Max Lynch wrote:
Well what happens is if I use a SpanScorer instead, and allocate it like
such:
analyzer = StandardAnalyzer([])
tokenStream = analyzer.tokenStream("contents",
lucene.StringReader(text))
ctokenStream = lucene.CachingTokenFilter(tokenStream)
highlighter = lucene.Highlighter(formatter,
lucene.HighlighterSpanScorer(self.query, "contents", ctokenStream))
ctokenStream.reset()
result = highlighter.getBestFragments(ctokenStream, text,
2, "...")
My highlighter is still breaking up words inside of a span. For
example,
if I search for \"John Smith\", instead of the highlighter being called
for
the whole "John Smith", it gets called for "John" and then "Smith".

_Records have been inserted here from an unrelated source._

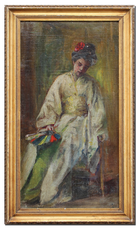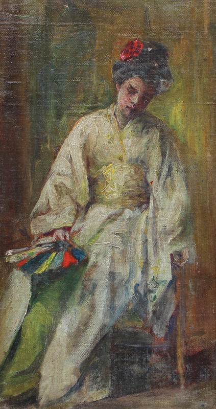 GOOD IMPRESSIONIST PAINTING OF GIRL IN KIMONO: Oil/Canvas on board, 17 1/2'' x 9 5/8'', no visible signature, gilded frame 20'' x 12 1/4''.
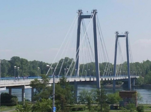 Реклама размещена почти на каждом метре дорожного покрытия моста. Объявления напечатаны на асфальте белой краской, а также указан номер телефона оператора службы заказа такси «Микс».
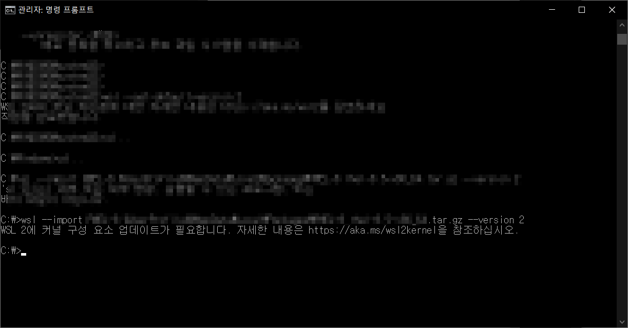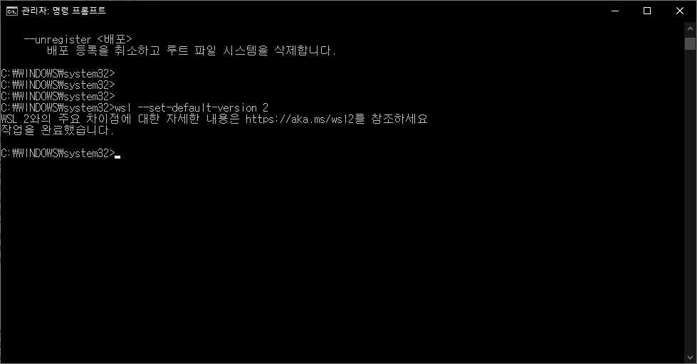 설치가 완료되면 WSL 명령어를 통하여 다시 시도한다.
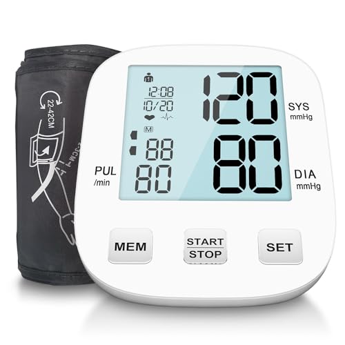 Blood Pressure Monitors BP Monitor Blood Pressure Machine Automatic for Home Use 2x90 Readout 5 Inch Backlit Large Display Heart Rate Hypertension Monitor Cuff 22-42cm (White)
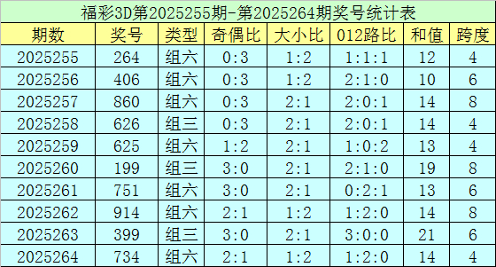 上期回顾:福彩3D第2025264期开奖号码为734,组选类型为组六,奇偶比为2:1,大小比为1:2。
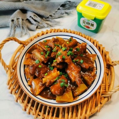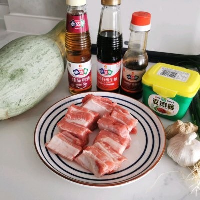 新疆贵族南瓜 300克排骨 350克料酒 45克生抽 6克老抽 3克6月香豆瓣酱 3勺水淀粉 15克大蒜头 半个食用油 2勺小葱 1把生姜片 少许
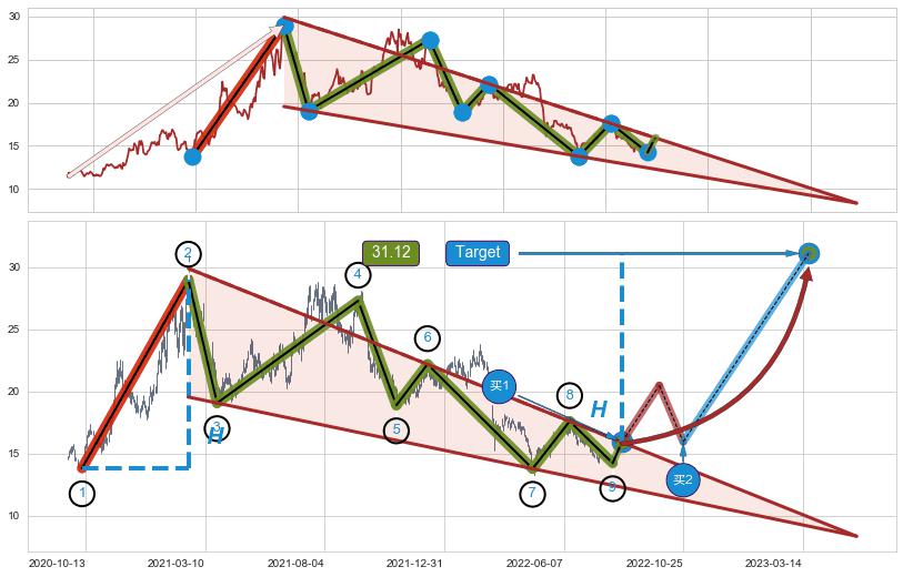 ➢ 最小中继整理涨幅→𝐇: 15.17 (𝐇楔型旗杆的长度:楔型起点→顶点)
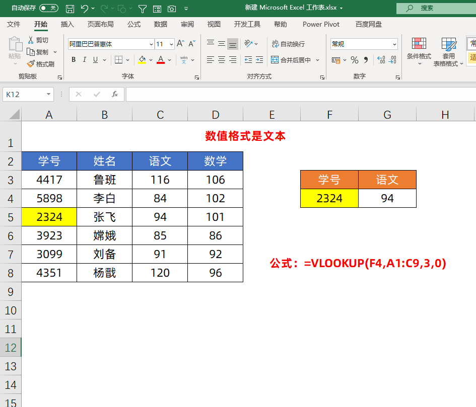 如下图,我们根据2324这个学号来查找语文成绩,数据表中也是有学号2324与之对应的语文成绩的,公式为:=VLOOKUP(F4,A1:C9,3,0),也是正确的,可函数还是返回#N/A这个错误值
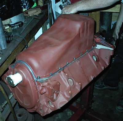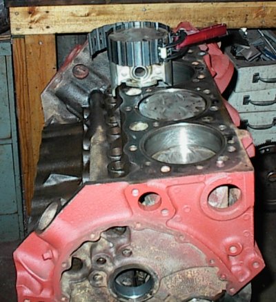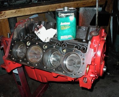 The engine was disassembled, hot tanked, washed, put back on the stand, and
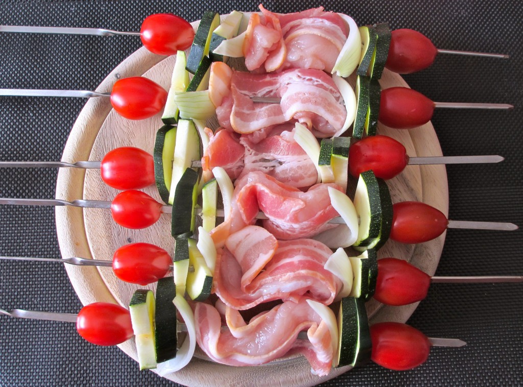 brochettes, poulet, volaille, brochettes de poulet, aiguillettes,tomates cerises, brochettes de volaille,aiguillettes de poulet, lard, courgette, barbecue, oignon, marinade, diététique, cuisine d’été
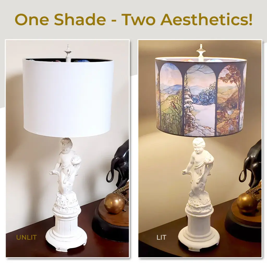 SHAPE and DIMENSIONS: This shallow drum hardback shade is measured as (Top Diameter x Bottom Diameter x Slant Height) and comes in the following sizes:10 x 10 x 812 x 12 x 8.514 x 14 x 9SHINE-THROUGH DESIGN: The understated white exterior shows the design of the interior lining when lit, offering a unique silhouette effect that is sure to amaze!WASHER: Standard (0.5-inch recess) brass-finish spider fitter w/ trademark stamping. (Shades with 9-inch+ top diameter have a V-Notch fitter for use with a 6-inch or 8-inch reflector bowl)FRAME: Our heavy-grade rust-resistant metal frame is thicker than typical lampshade frames, giving it a superior structure that will help it last for years.QUALITY MATTERS: This shade design is printed on high-quality hardback polystyrene material at a state-of-the-art printing facility. Made in the U.S.A.
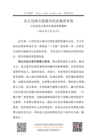 / 调研报告:20240222从正反两方面提升纪法教育实效——连云港市纪委监委课题组
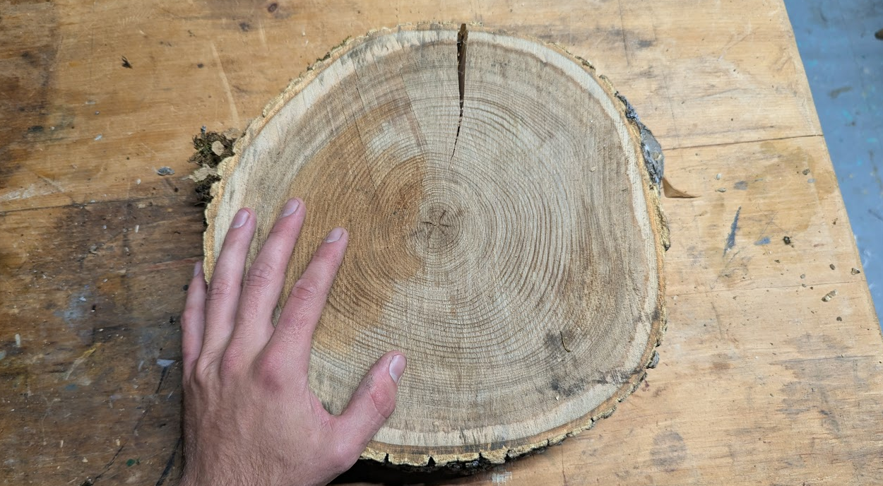 My friend Mia is finishing her Craft Education Internship here at North House Folk School. Her capstone project is simple and brilliant: she has felled an old Ash tree, and has given pieces of the tree out to craftspeople in the community. Everyone is making something out of their piece, and all will be displayed in an exhibition together.

I think you need to use SimpleSpanFragmenter (vs SimpleFragmenter,
which is the default used by Highlighter) to ensure that each fragment
contains a full match for the query. EG something like this (copied
from LIA 2nd edition):
TermQuery query = new TermQuery(new Term("field", "fox"));
TokenStream tokenStream =
new SimpleAnalyzer().tokenStream("field",
new StringReader(text));
SpanScorer scorer = new SpanScorer(query, "field",
new CachingTokenFilter(tokenStream));
Fragmenter fragmenter = new SimpleSpanFragmenter(scorer);
Highlighter highlighter = new Highlighter(scorer);
highlighter.setTextFragmenter(fragmenter);
Okay, I hacked something up in Java that illustrates my issue.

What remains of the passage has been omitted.